How should the tree of recursive calls look? Does my root node have correct children? I'm trying to do this based off a fibonacci sequence that I wrote recursively where each node had two children with fibnum(n-1) and fibnum(n-2), but that was easier to see on a tree. Now instead of a sum I am appending the end to the recursive function, so I am confused about how the tree should appear.
 
It doesn't look right to me. Anyway, there is a trick you don't know about. How would you solve this problem: "Find a recursive procedure to print a string one character at a time." Try to solve that and then find an extremely simple way to modify it to print the string in reverse.
 
The tree would look something like this:

Code:
//
     node
  end-0  node
      end-1  node
         end-2  node
           ...
                 2  node
                   1  node
                     0  null

Side note, recursively splitting the string into halves would be better (less stack space):
Code:
std::string rvrs(std::string str)
{
size_t m, n;
    if(str.size() < 2)
        return(str);
    m = str.size()/2;
    n = str.size()-m;
    std::string left  = rvrs(str.substr(0, m));
    std::string right = rvrs(str.substr(m, n));
    return(right + left);
}
 
What you are labeling as node should be reverse(str(1:end-1)), or do the indices change there as well? Like the 2nd layer should be

Code:
 reverse(str)
         str(end) reverse(str(1:end-1))
               str(end-1) reverse(str(1:end-2))
                     ...
                                        str(1)    reverse(str(1:1))
 
Maylis said:
What you are labeling as node should be reverse(str(1:end-1)), or do the indices change there as well?
Is the goal here to show what the tree looks like during calls or during returns? What I posted is a tree of returned values. The stack isn't really a tree, it's just a set of pointers to concatenated strings, so there's no "left" or "right" on the stack, but only in the concatenation operation performed within the recursive function.

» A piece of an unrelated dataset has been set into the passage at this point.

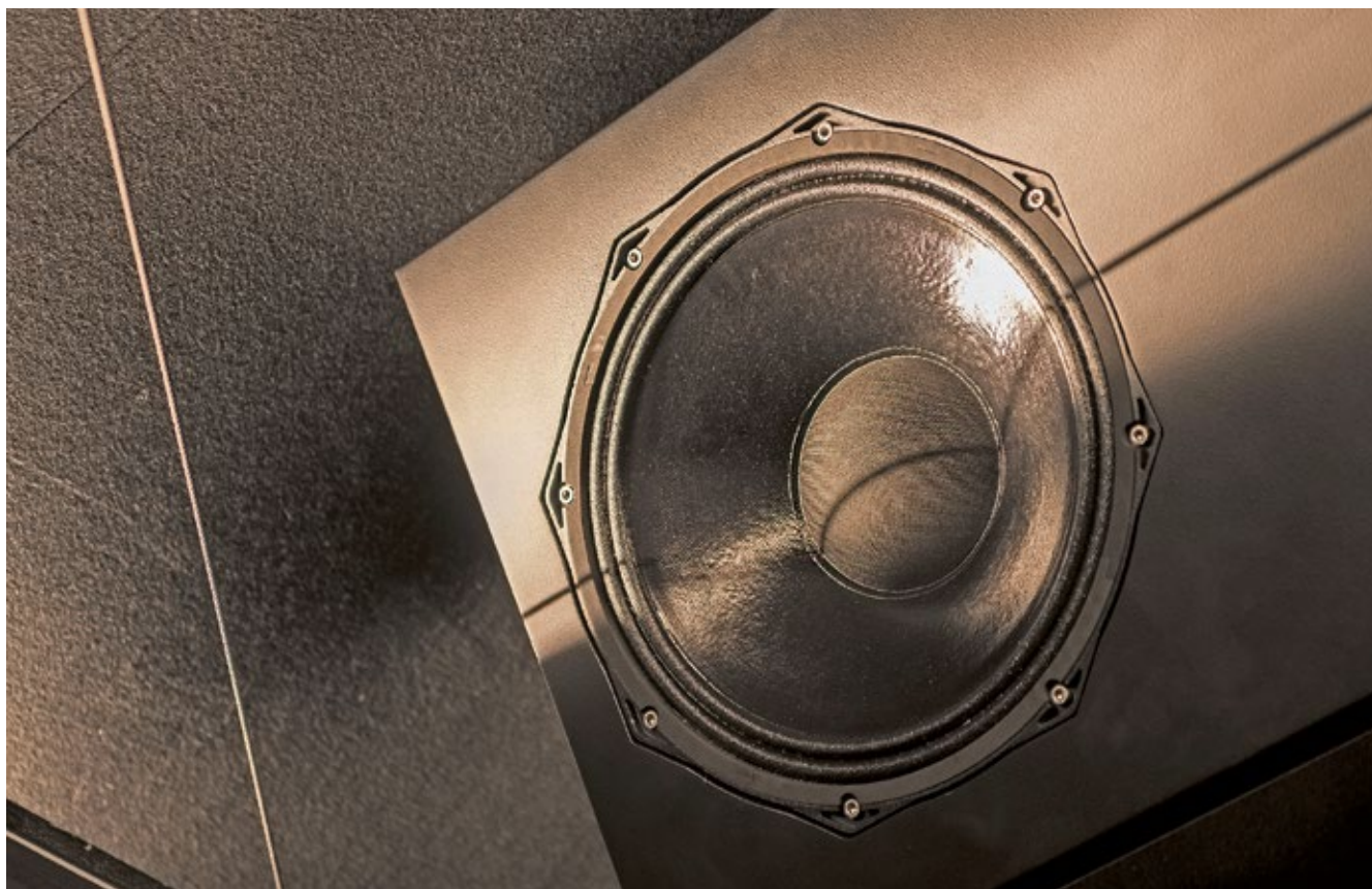
Functional yet beautiful – AIA loudspeakers come in a variety of shapes and sizes

When „The Jazz Singer“ marked the dawn of sound in movies back in 1927, more than just a few contemporaries saw it as the death of the young medium of moving pictures. But however despicable „Jazz Singer“ might have been on many levels, it started a revolution that spread quickly. Only a few years later silent movies were history, the future belonged to the 'Talkies'.

The example code I posted does end up with left and right pointers on the stack, but no nodes, and it's a depth first, left first sequence, so again, it's not really a tree structure.
 
I was under the impression that the tree looks identical to the calls as the returns, with the exception of how the tree is traversed. Calls are pre-order and returns are post-order, no??

In general I don't understand how to do the trees. My other thread I believe the tree is correct, with the likely exception of the route of traversal. Technically this question doesn't ask anything as far as how many recursive calls are made, I was just wondering out of my own understanding. Perhaps there is a reason that it wasn't asked, it might be something we didn't cover.
 
In my opinion, the goal here should be looking at what is on the "call stack". Recursion nests local variables onto the stack, which normally is not considered to a tree structure (as far as I know). A call stack, may optionally include a linked list of "frame pointers", but that's optional (many compilers allow frame pointers to be omitted).

http://en.wikipedia.org/wiki/Call_stack